- WHAT YOU NEED TO DO -
Find the line that holds "Damen große Größen" in the material below. Output that line and each one after it exactly, but not the pictures.

- PROVIDED DATA -
§ §

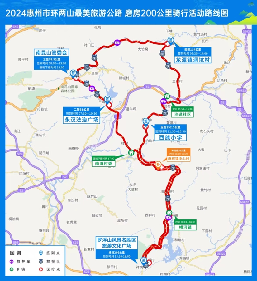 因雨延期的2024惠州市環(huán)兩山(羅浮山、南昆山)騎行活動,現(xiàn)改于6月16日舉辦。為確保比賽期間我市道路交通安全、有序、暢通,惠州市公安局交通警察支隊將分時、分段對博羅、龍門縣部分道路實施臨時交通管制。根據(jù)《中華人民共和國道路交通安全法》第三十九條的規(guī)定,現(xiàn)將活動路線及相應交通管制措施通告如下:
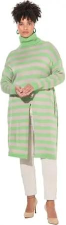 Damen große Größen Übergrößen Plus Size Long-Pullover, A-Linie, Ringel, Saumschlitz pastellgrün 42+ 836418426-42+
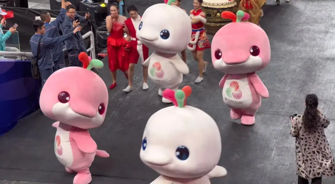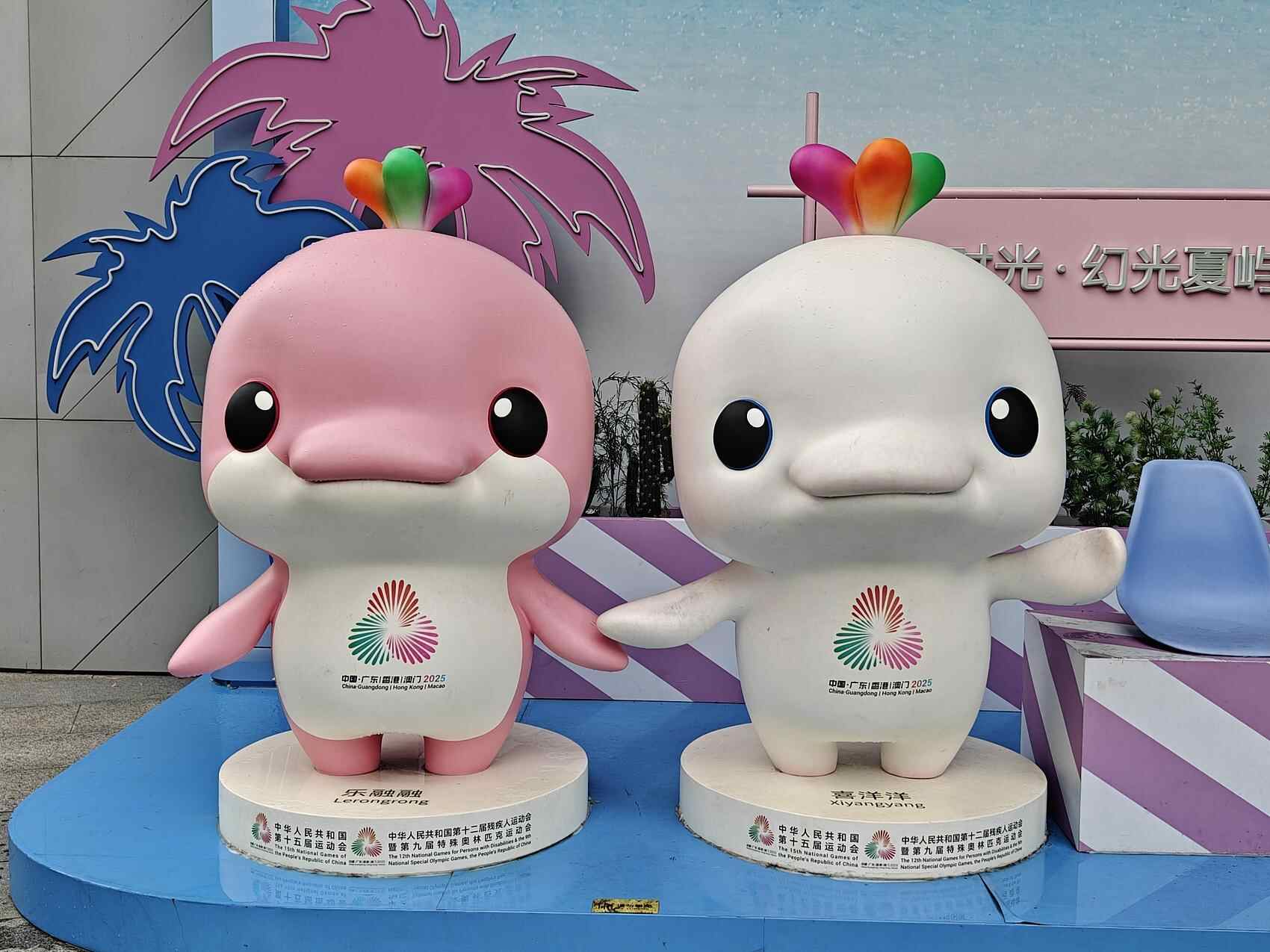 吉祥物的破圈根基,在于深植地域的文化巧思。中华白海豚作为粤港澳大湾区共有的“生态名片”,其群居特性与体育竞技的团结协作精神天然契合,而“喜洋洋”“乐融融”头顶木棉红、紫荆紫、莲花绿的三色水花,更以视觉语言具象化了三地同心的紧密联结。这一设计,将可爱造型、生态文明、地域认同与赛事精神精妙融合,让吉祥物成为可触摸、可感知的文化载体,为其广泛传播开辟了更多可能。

§ §

- OUTPUT OF THE TASK -
 Damen große Größen Übergrößen Plus Size Long-Pullover, A-Linie, Ringel, Saumschlitz pastellgrün 42+ 836418426-42+
 吉祥物的破圈根基,在于深植地域的文化巧思。中华白海豚作为粤港澳大湾区共有的“生态名片”,其群居特性与体育竞技的团结协作精神天然契合,而“喜洋洋”“乐融融”头顶木棉红、紫荆紫、莲花绿的三色水花,更以视觉语言具象化了三地同心的紧密联结。这一设计,将可爱造型、生态文明、地域认同与赛事精神精妙融合,让吉祥物成为可触摸、可感知的文化载体,为其广泛传播开辟了更多可能。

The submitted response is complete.